Estudos da Sociolinguística de Contato no Brasil

Segundo estudos da sociolinguística, o Brasil é um país plurilíngue, formado por línguas de diversas etnias, tanto de seus povos de origem indígena, com mais de duzentas e setenta e quatro línguas autodeclaradas, como também por línguas de povos imigrantes, formando esses, um grupo de cinquenta e seis línguas. 
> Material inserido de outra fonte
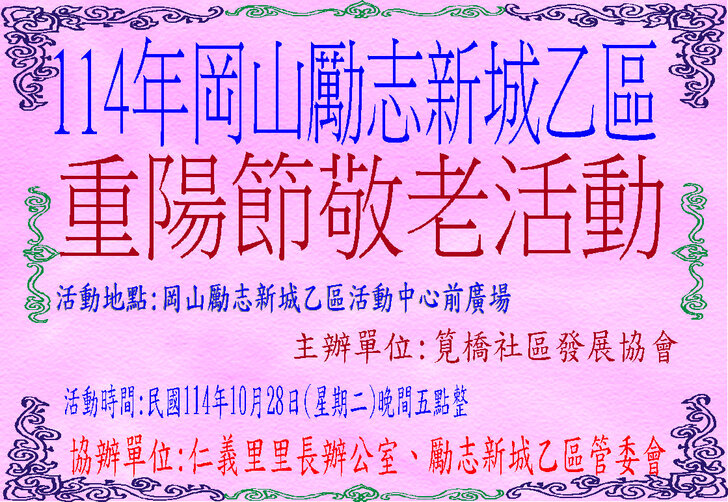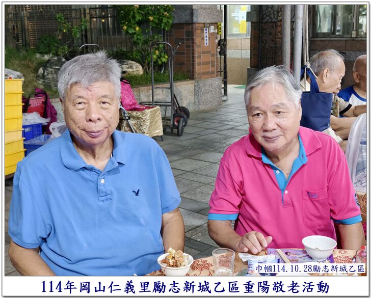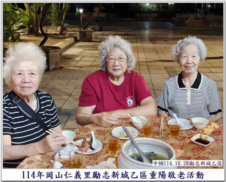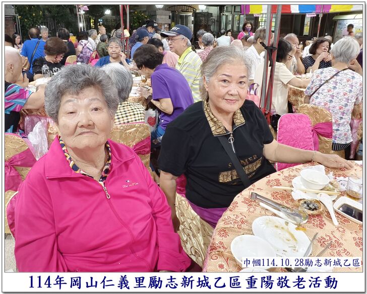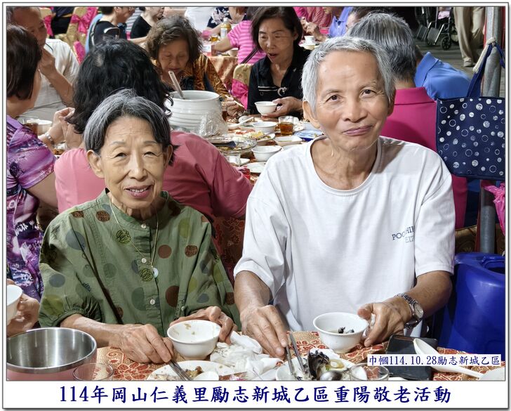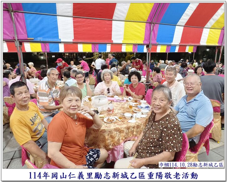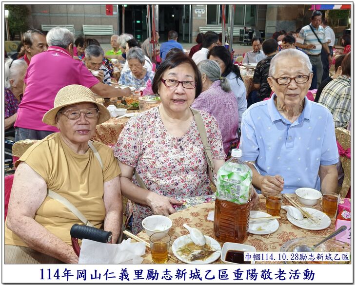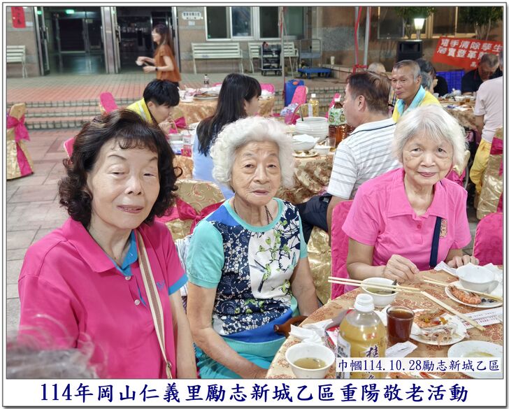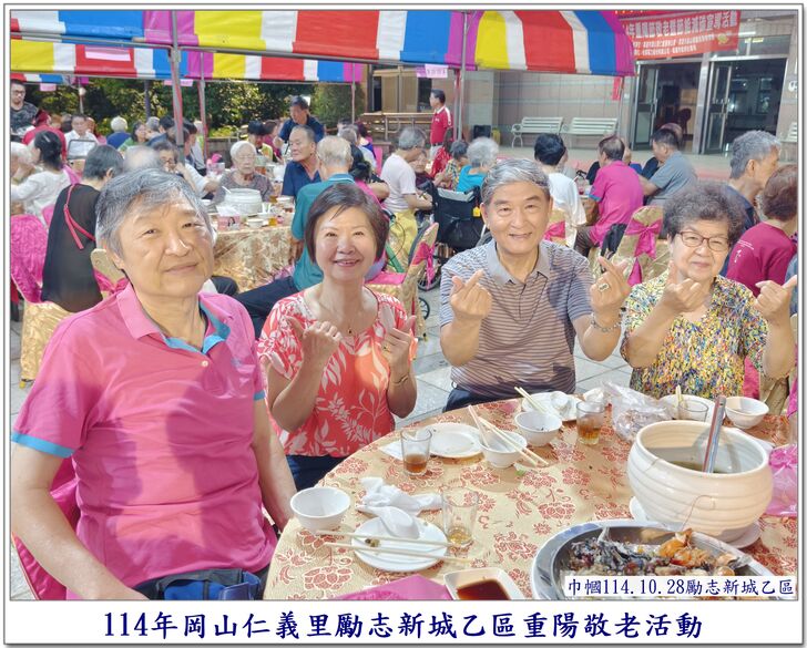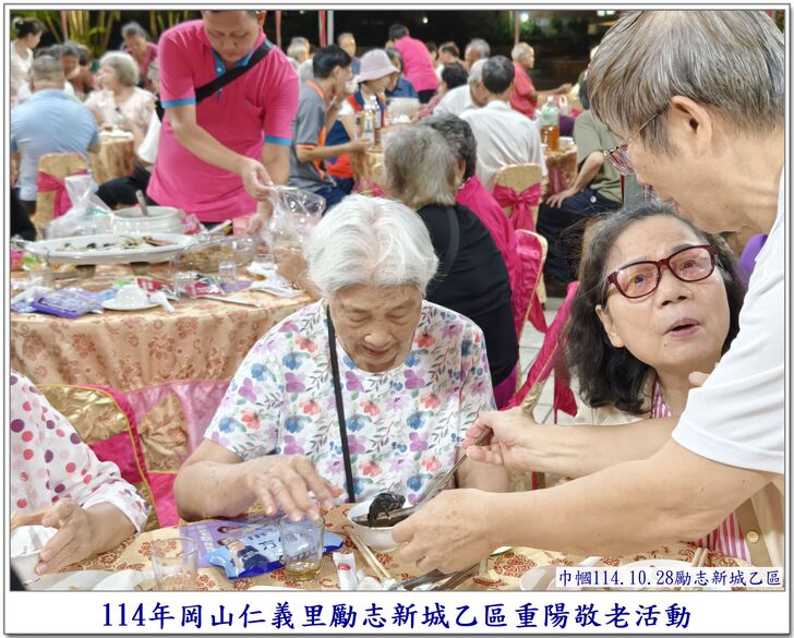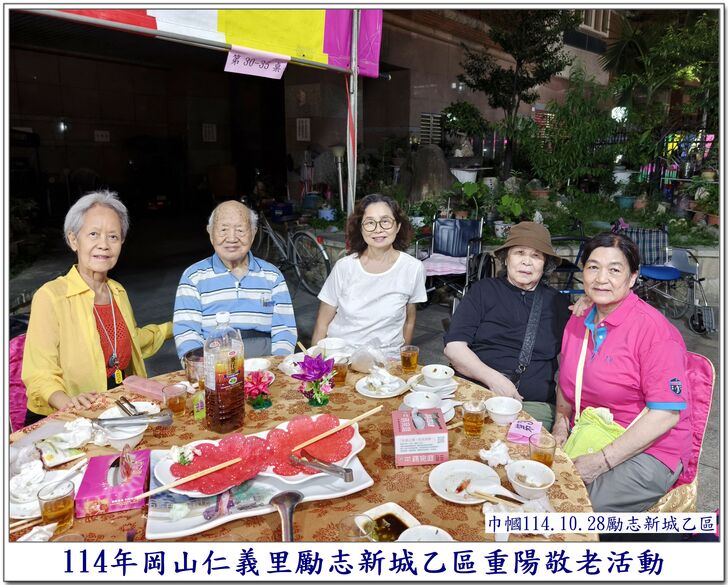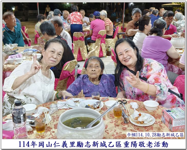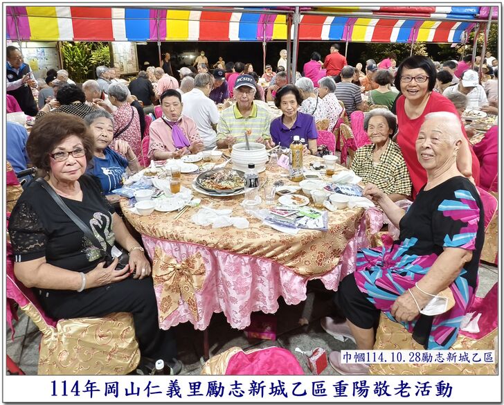 中秋節一過,社區的重要活動,就剩下【重陽節】了~~ 自從仁義里顏茂吉里長上任之後,本來單調的【重陽節】活動變得熱絡溫馨了起來。 顏茂吉里長非常重視仁義里各階層的居民,尤其是,我們都是從岡山各眷村原住戶搬過來的~~ 其中,很多都是年長的,之前,有人曾戲稱我們【勵志新城】是個老人城, 是也不是~~ 【是】意思就是,確實老眷村居住的年齡確實是偏高的,是父母親輩一輩子的家,【父母在、家就在】, 所以,民國96年大家剛搬進來時,居住人口大都以【眷村第一代】為主體~~ 隨著時間過去,社區裡的老人逐一凋零,崛起的我們【眷村第二代】,也接手為社區的主力人口,大都也是7、8、60多歲的人了~~ 近年來,由於社區居住環境優良,生活便利性稱冠,已經有非常多的住戶,因老人過世,或舉家遷往別處,將房子賣了~~ 現在社區的生態,也逐漸年輕化,新搬來的住戶,也有不少是【年輕人】,社區中的【小孩】數量也較之前多多了~~ 人說【舊的不去,新的不來】 但,我們社區,還是保留著老眷村流傳下來的【溫馨氣份】,眷村人情味依舊散佈在社區各個角落~~ 此次,受邀參加仁義里勵志新城乙區的重陽餐會,在餐會中走拍的時候,深深的感受到~~ 出現了許多陌生的面孔,而認識的新加入者,有不少是我們【眷村第二代】,能看到還參加餐會的【眷一代】的叔伯媽媽們,心是感恩及感動的~~ 我喜歡乙區活動的友善氛圍,認識我的人,喜歡我的鏡頭對著他們,為他們記錄下珍貴的畫面~~ 每每我看到歷年來我幫乙區拍的各項活動,也總是會有些淚眼盈眶,往日美好的,張張都化成回憶~~ 看著每位逝去的老人,總是無限的懷念在心頭,更加珍惜現在的老人~~ 【兒女小時候是父母的心頭肉】,現在【父母也應該成為我們兒女的心頭肉來照顧才是】 祝大家~~ 重陽節快樂~~ 闔家平安健康~~🙏

Mas não para por aí. O Brasil também é formado por línguas de comunidades quilombolas, comunidades ciganas, línguas de contextos relacionados à fronteira, que no caso do Brasil, em sua maioria de língua espanhola, comunidades de refugiados e, além dessas, línguas de sinais, que não se restringe somente à língua brasileira de sinais, mas também em língua indígena de sinais. 

Há, no Brasil, uma quantidade específica de línguas “autodeclaradas”. No entanto, línguas “oficializadas” existem menos. Atualmente são doze línguas, sendo oito indígenas e quatro de origem imigrante. Com o paralelo exposto, é possível percebermos a importância e a vastidão das línguas indígenas no país, pois até podem não formar o grupo de línguas mais faladas, devido a quantidade per capita de falantes, mas constituem, sem dúvida, o grupo de maior diversidade, havendo então o entendimento de que há mais línguas indígenas do que línguas imigrantes. 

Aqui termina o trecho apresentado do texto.